Newest high school dance no-no: Freak dancing

By Michelle Woo
The Arizona Republic
Apr. 20, 2005

While on the lookout for those trying to spike the punch bowl or sneak past the ticket-taker, chaperones across the Valley are watching for another high school dance no-no – freak dancing.

At a recent dance at McClintock High School in Tempe, teachers and administrators paced the gymnasium, reminding students to “face each other.” The deejay stopped the music to make a warning announcement.

“I went home and said, ‘Dad, kids at school are having sex on the dance floor,'” said 16-year-old Curtis G.

Sometimes known as “booty dancing,” the “grind” or the “nasty,” freak dancing is defined by as “when a female places her buttocks onto the zipper area of a man’s pants, and then vibrates vigorously.” The popular dance style has been around for years, but many schools have started taking more active approaches to keeping it off campus.

Marty Hoeffel, principal at Alhambra High School in Phoenix, said school dance floors have become “progressively more graphic,” with students mirroring the hip-gyrating moves they see on MTV. After receiving a number of complaints, the student government decided to launch a campaign called “Got Respect?” to let teens know what type of dance conduct is expected.

Students formed a dirty dancing committee, creating posters, making campus TV announcements, and working with school administrators on setting up rules and consequences.

“It’s degrading and needs to come to a stop,” said committee chair Angelica Lopez. “Younger students are uncomfortable.”

Lopez said students might soon be handed a no-freak-dancing contract, to read and sign before entering school dances.

High schools in the Dysart Unified School District often host formal or semi-formal dances, a tactic used to keep dancing tasteful. District spokesman Tim Tait said it works. Administrators haven’t witnessed any recent problems and ticket sales have increased.

“If students dress as adults, they’ll behave as adults,” Tait said.

But Nicole Haeussler, 15, a student at Centennial High School in Peoria, said freak dancing shouldn’t be viewed as something offensive, but rather as a form of expression. It’s how people dance to hip-hop and R&B, she said. Adults just don’t understand.

When Haeussler attended a Valley prom this month, she said most of the songs played were “songs you can only freak to.” She said the dance style is fun because it allows teens to dance in large groups.

“You can’t dance formally to 50 Cent’s Candy Shop,” Haeussler said. “If you’re going to pay $100 for prom, you should be able to dance however you want.”

Haeussler said that if freak dancing were banned at school, students would just take their bumping and grinding elsewhere.
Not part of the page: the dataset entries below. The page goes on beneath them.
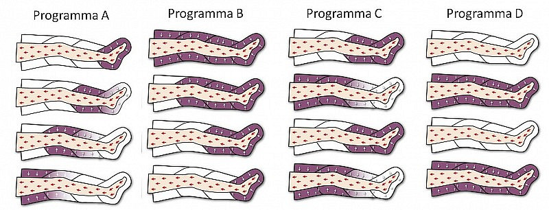 Massaggio intenso: le camere vengono riempite d’aria una alla volta mantenendo gonfie le precedenti fino al gonfiaggio completo (per esempio nel gambale, tutta la gamba sarà sotto pressione), per poi sgonfiarsi totalmente e riprendere il ciclo partendo dalla prima camera (dal piede nel caso del gambale, dalla mano nel caso del bracciale) - Programma C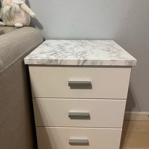 Yöpöytä, jossa laatikko. Hyvässä kunnossa. Pari pientä kolhua laatikossa.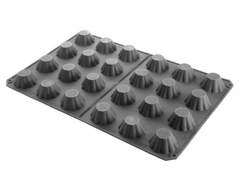 Molde de silicona diseñado para elaborar 24 briochettes. El molde, con una altura de 3,7 cm, mide de 60 x 40 cm y puede dividirse en 2 moldes de 30 x 20 cm gracias a su diseño simétrico. Ideal para congelador, horno y lavavajillas.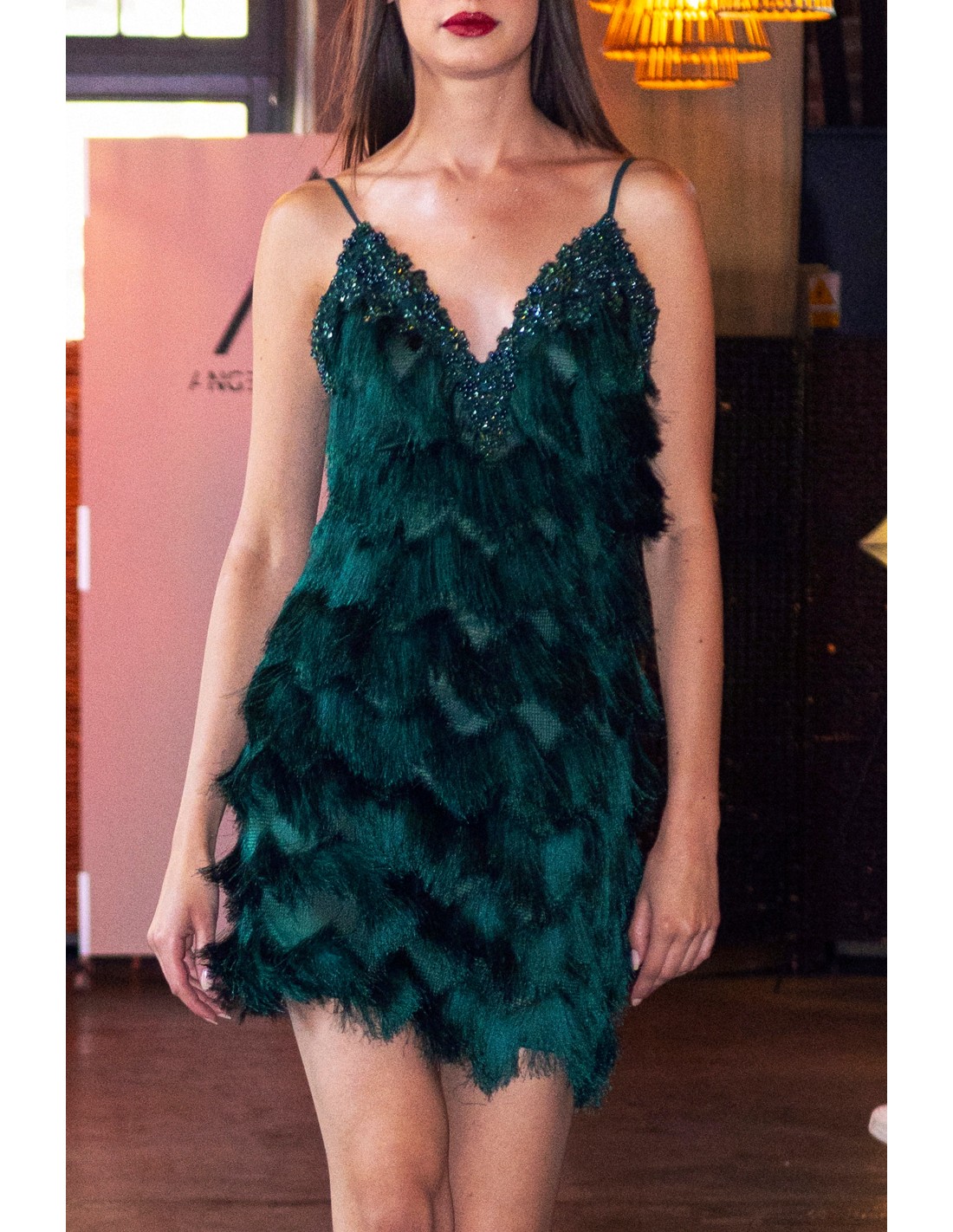 Superbe robe de cocktail verte avec dentelle brodée et sequins conçue avec un textile unique qui garantit un style inégalé. Le haut de la Robe est méticuleusement confectionné à la main avec de la dentelle brodée, agrémentée de sequins étincelants et de perles élégantes, ajoutant une touche de glamour et de distinction à votre look.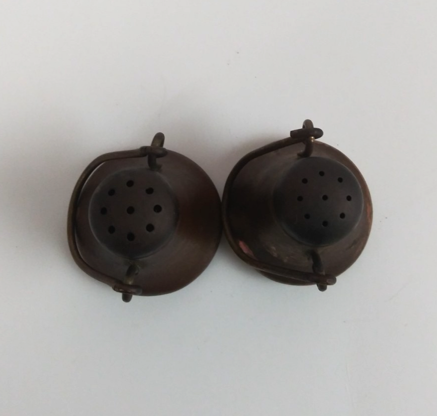 - Vintage Mud Pie Copper & Brass Pot Bail Handle Salt & Pepper Shakers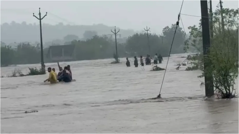 महाराष्ट्र के अहिल्यानगर के खडकी गांव से एक वीडियो सामने आया है। वीडियो में साफ देखा जा सकता है कि लड़कियां अपनी जान बचाने के लिए एक ट्रॉली पर बैठी हैं और चारों तरफ पानी है। हालांकि जब एनडीआरएफ की टीम मौके पर नहीं पहुंच सकी तो गांव के ही युवाओं ने अपनी जान को जोखिम में डालकर रस्सियों के सहारे लोगों को रेस्क्यू किया और इस दौरान एनडीआरएफ की टीम ट्रैफिक जाम में फंस गई थी। रेस्क्यू टीम ने पूरी कहानी बताई कि कैसे 15 युवाओं की टीम ने 3 बेटियों की जान बचाई। यहां नदी के जलस्तर में हो रही बढ़ोत्तरी के कारण तीन लड़कियां पानी के बीच घिर गईं थीं।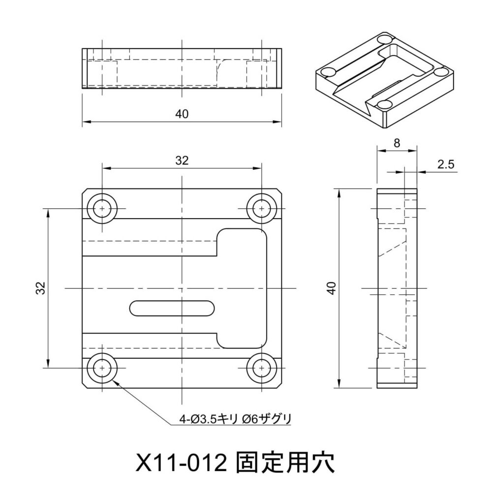 ・固定穴(底面):4-φ3.5キリ φ6ザグリ 深5.5 □32位置(M3キャップボルト用)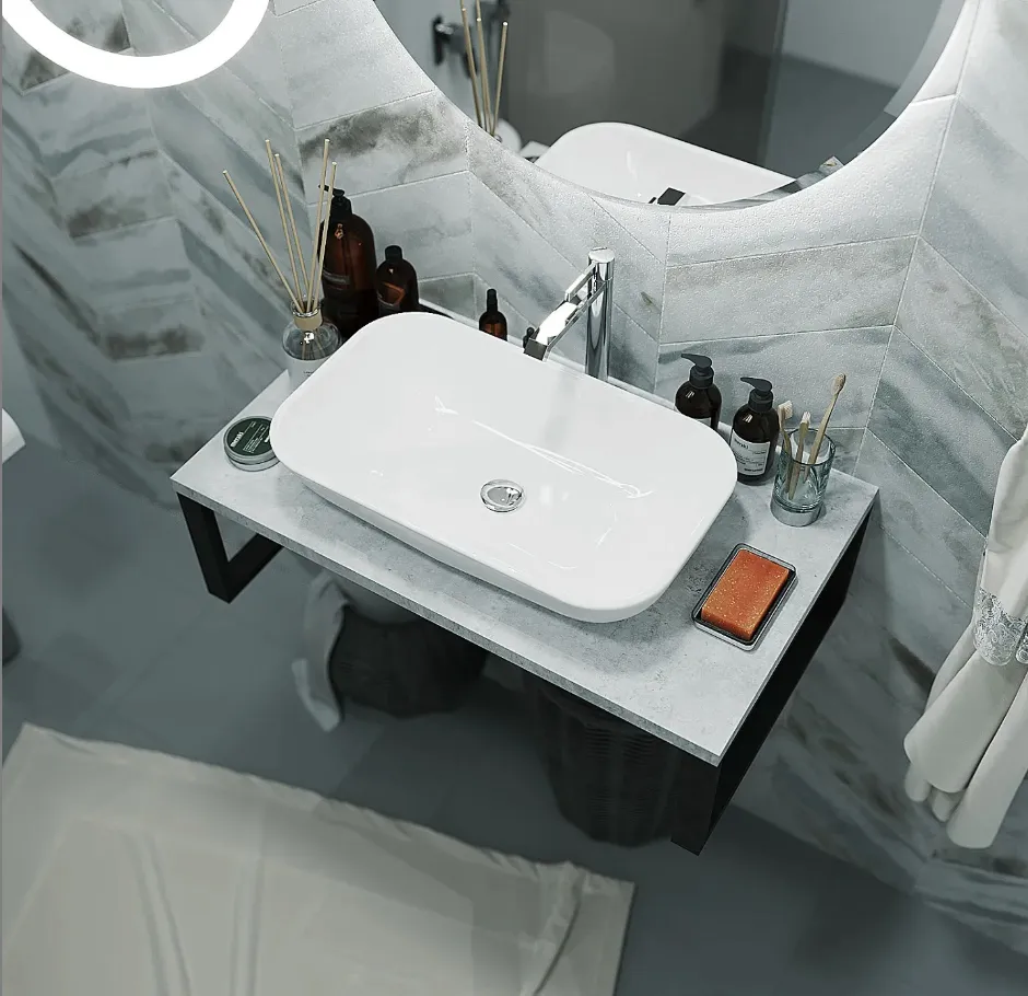Функциональная и стильная столешница в востребованной и актуальной стилистике LOFT. Минималистичная и одновременно эффектная, она изготовлена в универсальной прямоугольной форме и дополнена такими практичными деталями, как металлические кронштейны, которые можно использовать в качестве рейлингов. Столешница выполнена из проверенных материалов, прекрасно защищена от воздействия влаги, не склонна к появлению сколов, царапин, трещин и других дефектов. Она подойдет для ванных комнат любых размеров и практически любой цветовой гаммы - от сдержанной до яркой и насыщенной.Характеристики: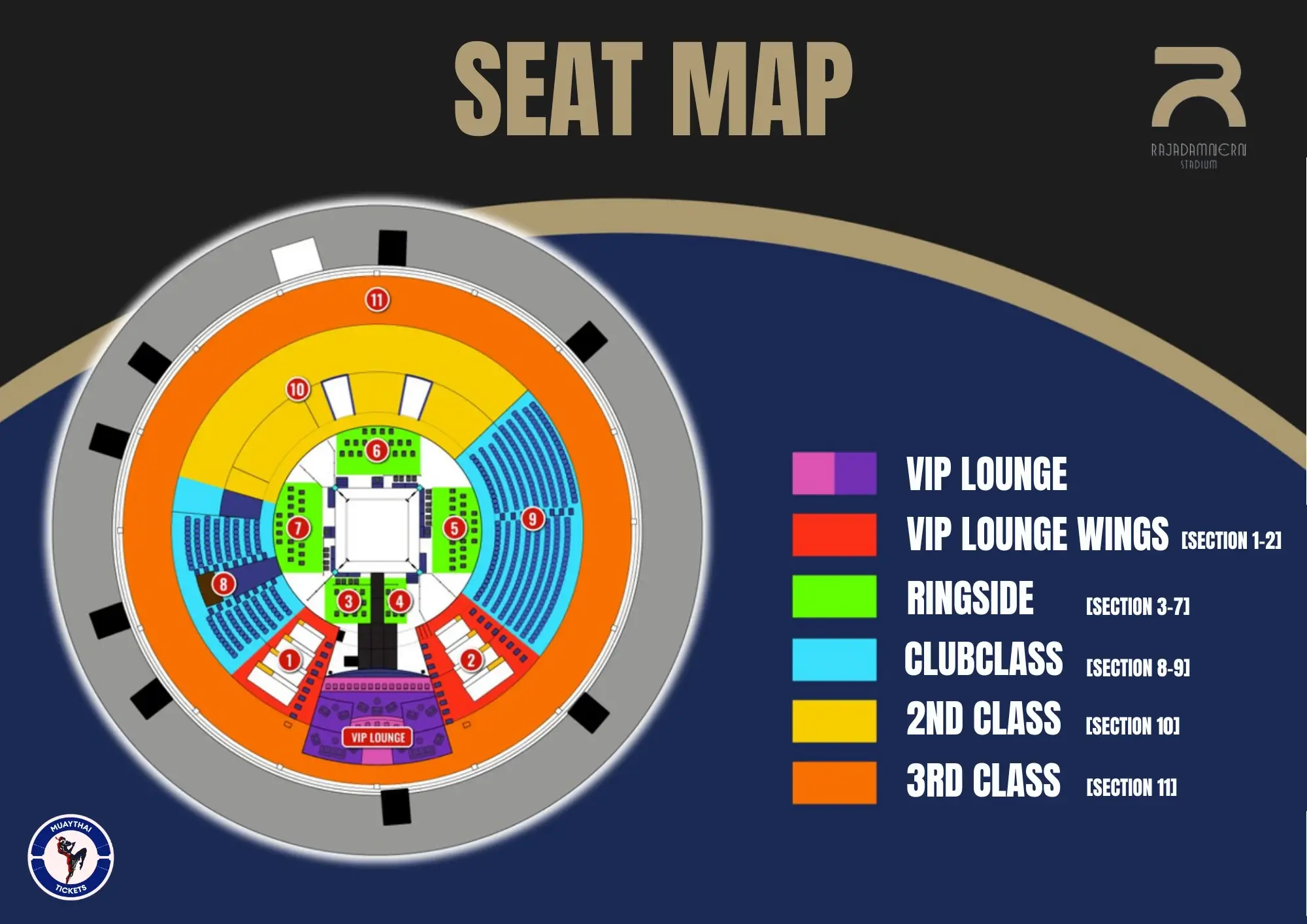 Explore the seating map of Rajadamnern Stadium, the historic birthplace of Muay Thai. Experience the thrill of world-class fights from various seating options, offering the best views of the action in this legendary arena.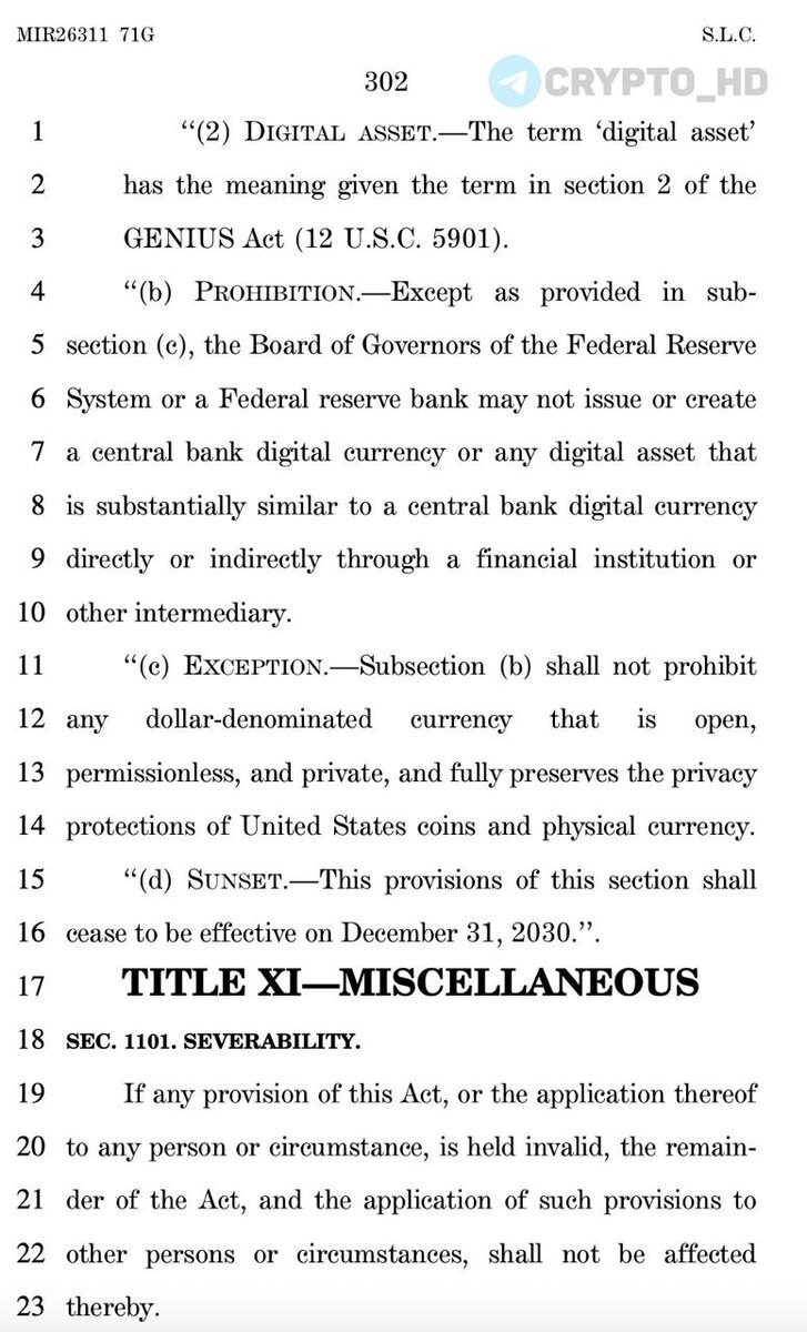 🔥🇺🇸 Сенат США принял законопроект, который запрещает ФРС выпускать CBDC до 31 декабря 2030 года

Many high school seniors flock to chaperone-free hangouts like The Buzz in Scottsdale, a nightclub that markets itself to an under-21-year-old crowd. On a giant dance floor illuminated by laser lights, guys and girls swivel and sweat to the fast thumping beat.

Marc Boileau, co-owner of The Buzz, said door hosts occasionally tell couples who are simulating sexual acts on the dance floor to cut it out, but that doesn’t happen very often. Unless it gets out of hand, Boileau said, he believes older teens should be able to make their own decisions on how they will dance.

“If you watch music videos, that’s what goes on now,” Boileau said. “But if I had a teenage girl, I wouldn’t like her to do that.”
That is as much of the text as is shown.